2) “Because experiments can be undermined by a vast number of practical mistakes, the likeliest explanation for any failed replication will always be that the replicator bungled something along the way.  Unless direct replications are conducted by flawless experimenters, nothing interesting can be learned from them.”

Upon reading this statement, I withheld some hope that clarification would be forthcoming in the body of the text; clarification that might serve to negate the glaring oversight in Dr. Mitchell’s claim.  Indeed, further clarification was provided, but instead of negating his error, Dr. Mitchell doubled down on his mistake.

Lest I get ahead of myself as I explore this idea (albeit in much briefer terms than the previous point), allow me to bludgeon you, dear reader, with the obvious: Dr. Mitchell fails to account for the fact that the replicator may be a more skilled experimenter than the scientist who produced the original finding.

Dr. Mitchell is correct about one thing in this analysis.  It is clearly possible that the replicator might have “bungled something along the way.”  It happens.  As humans, we err.  This is undeniable and hardly worth pointing out.  Except, it seems that Dr. Mitchell struggles not only with the philosophical side of science, but also with the self-evident traits of humanity.  Certainly, this is a forgivable oversight, however.  He is, after all, only a scientist working in a discipline dedicated to understanding the traits of humanity.  But I digress.
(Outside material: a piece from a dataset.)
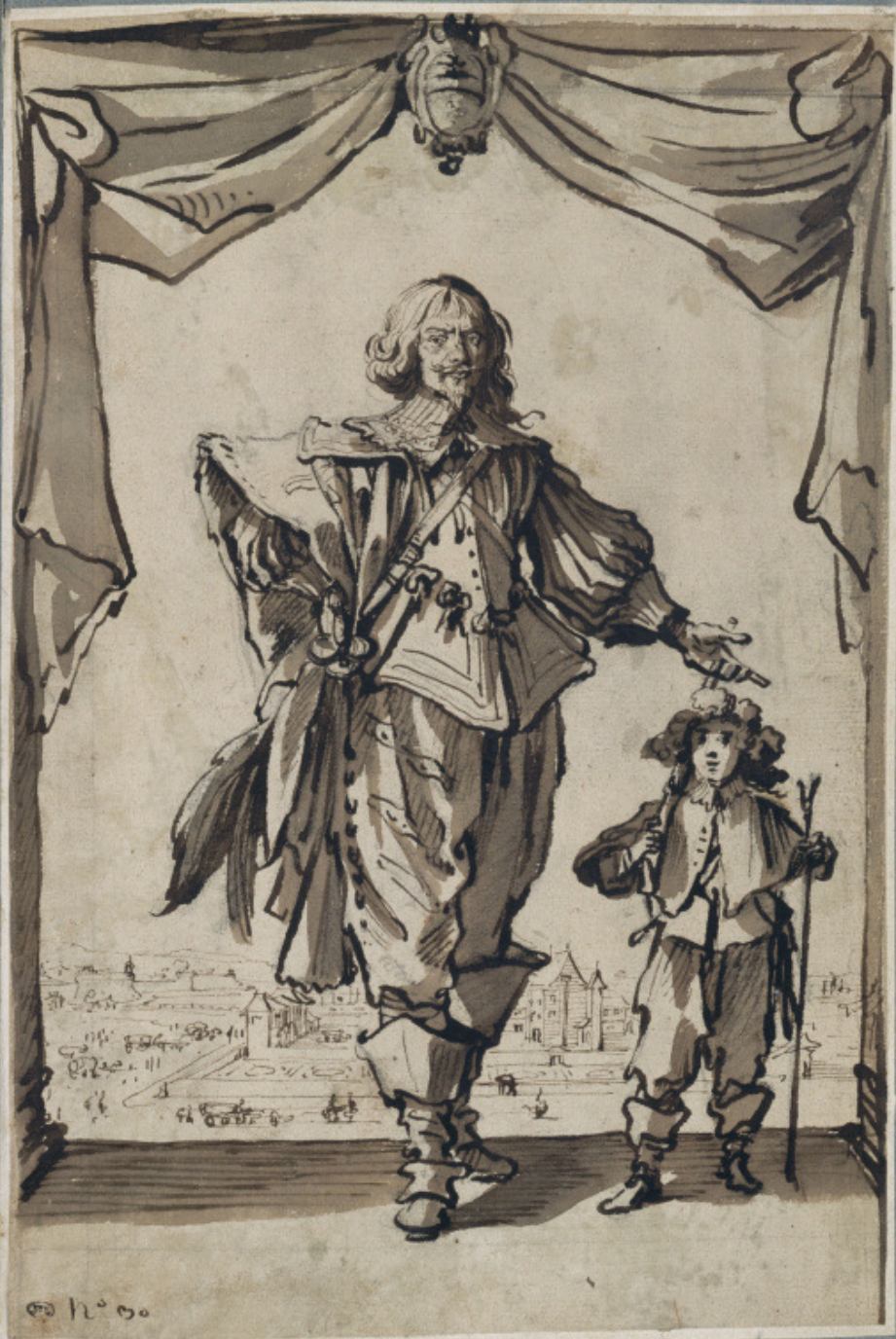
Jacques Callot (Nancy, 1592 – Nancy, 1635), Portrait de Claude Deruet et de son fils Henri , vers 1622/23, encre sur papier, Paris, musée du Louvre.

The problem is that the statement can easily be reversed.  Let me give it a try: “Because experiments can be undermined by a vast number of practical mistakes, the likeliest explanation for any positive experimental result will always be that the researcher bungled something along the way.  Unless original research is conducted by flawless experimenters, nothing interesting can ever be learned from it.”  If that sounds to you like absolute garbage, you are absolutely correct.  Dr. Mitchell’s great failure is in assuming inerrancy on the part of original researchers and incompetence on the part of replicators.  In reality, replicators and original researchers are often the very same people.  As a reputable scientist, it should be part of every researcher’s job to do both original research and replication studies as the need arises for either.  There would be nothing wrong with specializing in one or the other, but a well-balanced approach to research by doing some of both is probably the best way to advance not only the collective scientific knowledge but one’s personal knowledge of one’s own discipline.  Putting aside the old bugaboo of academic politics, I would think the best way to advance the goal, not necessarily of career advancement but of scientific advancement, would be to do a bit of both.  Nevermind all that, though.  Let’s assume for the moment that we have entered into a fantasy world where scientists are allowed to do either original research or replications but not both.  Is there some magical force that bestows competence disproportionately upon one rather than the other?  Of course not.  There will be incompetents and geniuses on both sides, and the average will always be average.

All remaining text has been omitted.